The geometrically aligned fragmentation of a rectangular rug into construction bricks breaks up its familiar arrangements of floral imagery. Can has redesigned the ubiquitous kilim into a mere image, lifeless and abstract except for its visibility as the semblance of homeliness reduced to a mode of sheer practicality. An adjacent piece titled, “To Feel at Home X” (2021) halves a classic kilim into its neon likeness. The shock is that of displacing home, negating its grounded conviction, like “neti, neti,” but as a contemporary art practice.

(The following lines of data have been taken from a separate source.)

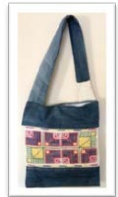
Şekil 1. Yaneş

Şekil 1’de görülen ürün, atık malzeme olan eski kot pantolon paçası ve çuval bezi kullanılarak üretilmiştir. Atık malzemeler bir önceki işlevinden çıkarılarak, farklı kullanım alanına sahip yeni bir ürün oluşturulmuştur. Eski kotun geri dönüşüm malzemesi olarak kullanılması, çuval bezinin atık malzemeden ana malzemeye dönüşmesi ve yaneş işlemenin çantanın gövdesini oluşturacak şekilde kullanılması, hem yenileşime hem de sürdürülebilir tasarıma örnektir. Çanta üzerinde yer alan süsleme Milas ilçesi Çomakdağ Köyü kadın giyiminde şalvar örgesi olan yaneş işlemeden alınmıştır. Çomakdağ-Kızılağaç Köyü kadınları bugün hala günlük yaşamlarında da, kutlamalarında da geleneksel giyimlerinden vazgeçmemiştir. Yaneş işleme bu giyimde önemli süsleme unsurlarından biridir. Örnekte yöre kimliğini taşıyan el sanatı ürünü yaneş işleme örge ve renk olarak öz hali ile kullanılmış; işleme tekniği ve kullanım alanı değiştirilmiştir. Bu turistik hediyelik eşyanın üzerinde taşınması gereken kimlik kartı örneği aşağıdaki gibidir (Çizelge 1).
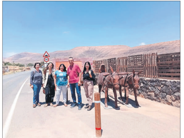
Vecinos de Guisgüey junto a la concejala de Medio Ambiente.
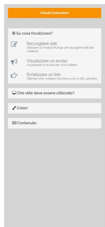
il costruttore dei focus items

Selezionato l'obiettivo del focus item, sarà possibile inserire alcune parametrizzazioni aggiuntive.
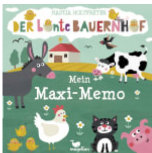
Der bunte Bauernhof - Mein Maxi-Memo
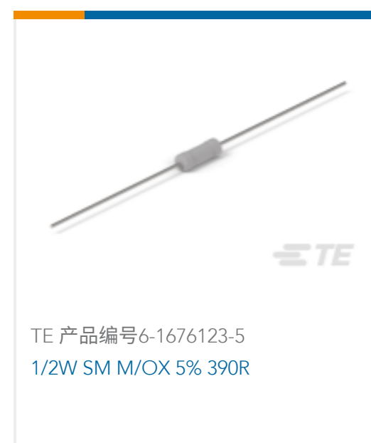
TE 产品编号6-1676123-5 1/2W SM M/OX 5% 390R
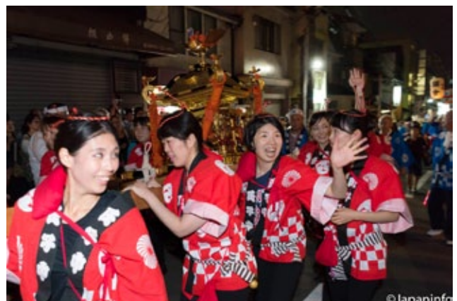
▲ บรรดาแม่ๆ เด็กก็ช่วยแห่เกี่ยวของตำบลนมาช่วยงานด้วย
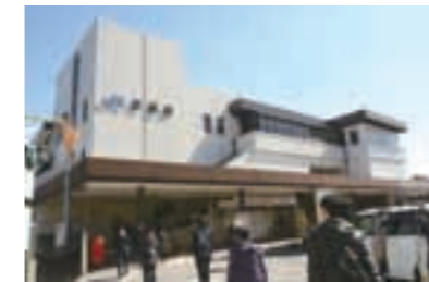
◀乗降客数が多いJR彦根駅西口
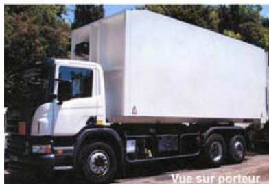
Vue sur porteur

Il est équipé d'un hayon élévateur (sol - 1er étage - 2nd étage)
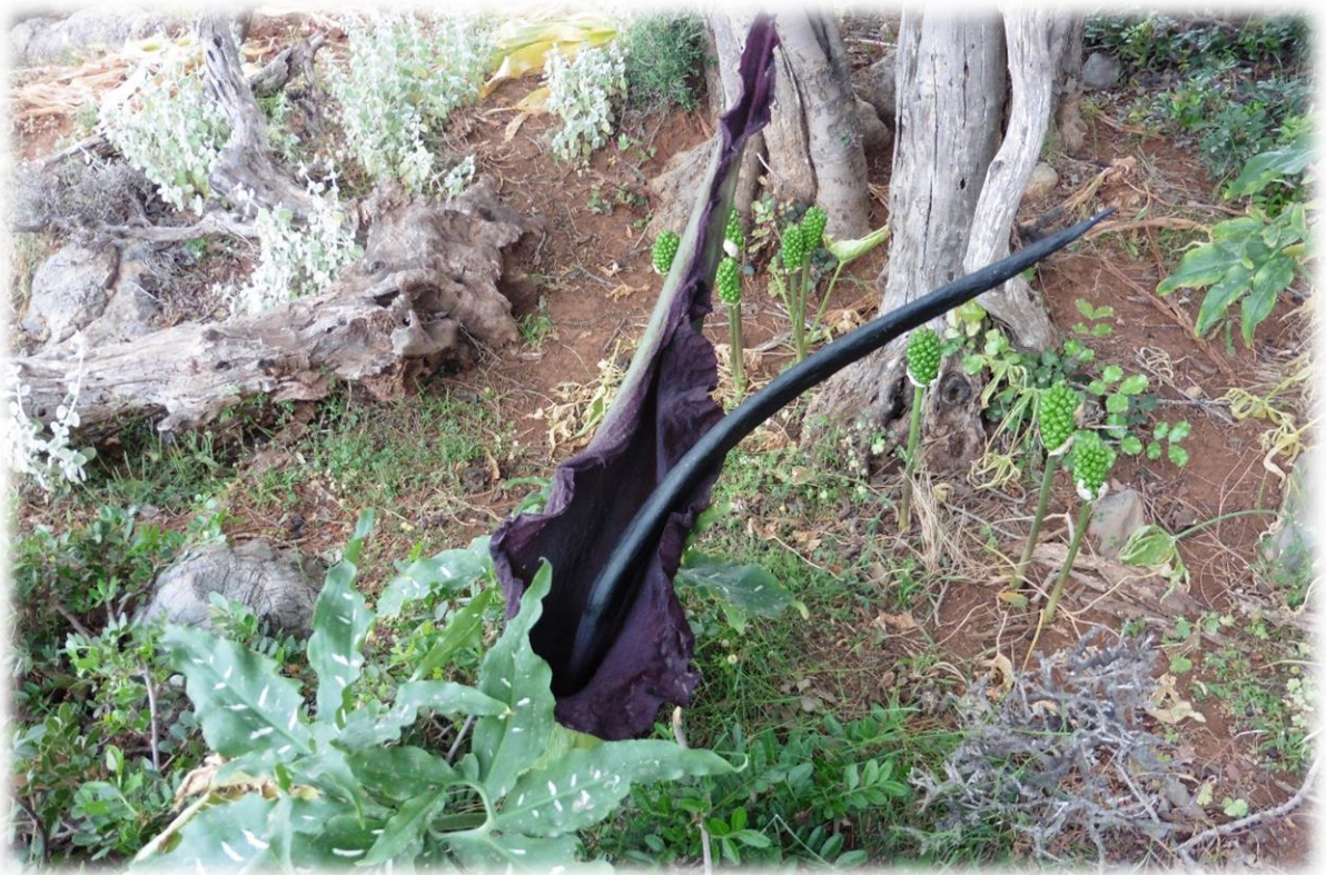
Dit is een Dracunculus vulgaris of drakenwortel. Een prachtige bloem al wil je hem niet in je tuin hebben.
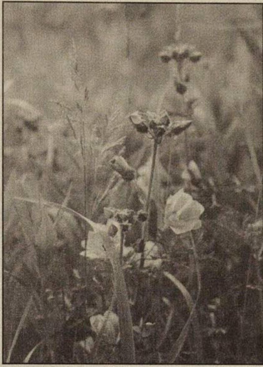
La Mauve musquée fait partie de la famille des Malvacées.

La Mauve musquée est une fleur que l'on n'oublie pas une fois que l'on a pris le temps de l'observer. Personnellement, des amis m'ont déjà apporté des tiges de cette plante à

When the contemporary draftsman Yuşa Yalçıntaş changed his rulebook, inverting the boundaries within which he would draw his spectacularly intricate, Escher-like scenes of children in uniform invested in visually-striking games and puzzles, he created a piece called “House Kite” (2021). Its centerpiece is a dwelling that seems to be in the sky, yet the background is optically illusive. Moreover, the front door is itself a kilim and the roof and walls of the house are magically both inside and outside.
“House Kite” emerges from the depths of the collective Turkish subconscious shared with that of Ramazan Can and others. His latest solo exhibition, “I am Neither on the Earth Nor in the Sky” is a nod to the personal truth that a person is more than the social prescriptions of their respective cultural identity, that homes are made out of the thin air of histories in which people moved and settled in repetitive successions, whether according to seasonal or international change.
And the artist rises to the occasion of Western art history to tackle an alternate vision of its legacy, transcending the weight of Turkish issues along the lines of urban construction and changing traditions, to speak to the importance of cultural appropriation and pop culture in the mammoth and pervasive visual art field. It is no secret that art in the West has come to gain a certain unrivaled prestige as a result of the colonial-era acquisition of cultural artifacts. It is a perennial consideration for European and American museologists.
But in the hands of Can, the second floor of Anna Laudel Gallery is filled with his prolific paintings, in which he retraces the portraiture of Leonardo da Vinci, Raphael, Albrecht Dürer and Edouard Manet while envisioning disproportionately drawn people and places through the lens of a gritty Turkish neorealist expressionism. His oil on photograph, “I am the King II” (2021) is an irreverent revision of the famed “Mona Lisa” (1503). Yet, even surrounded by the ghosts of Westernization, his art inevitably comes full circle, back to Turkish subjects, such as in his print on fabric and lightbox, “Tapestry” (2021), evoking a bucolic Anatolian countryside in which the mythical deer of Turkish poetry is x-rayed. Finally, nature itself is inside out.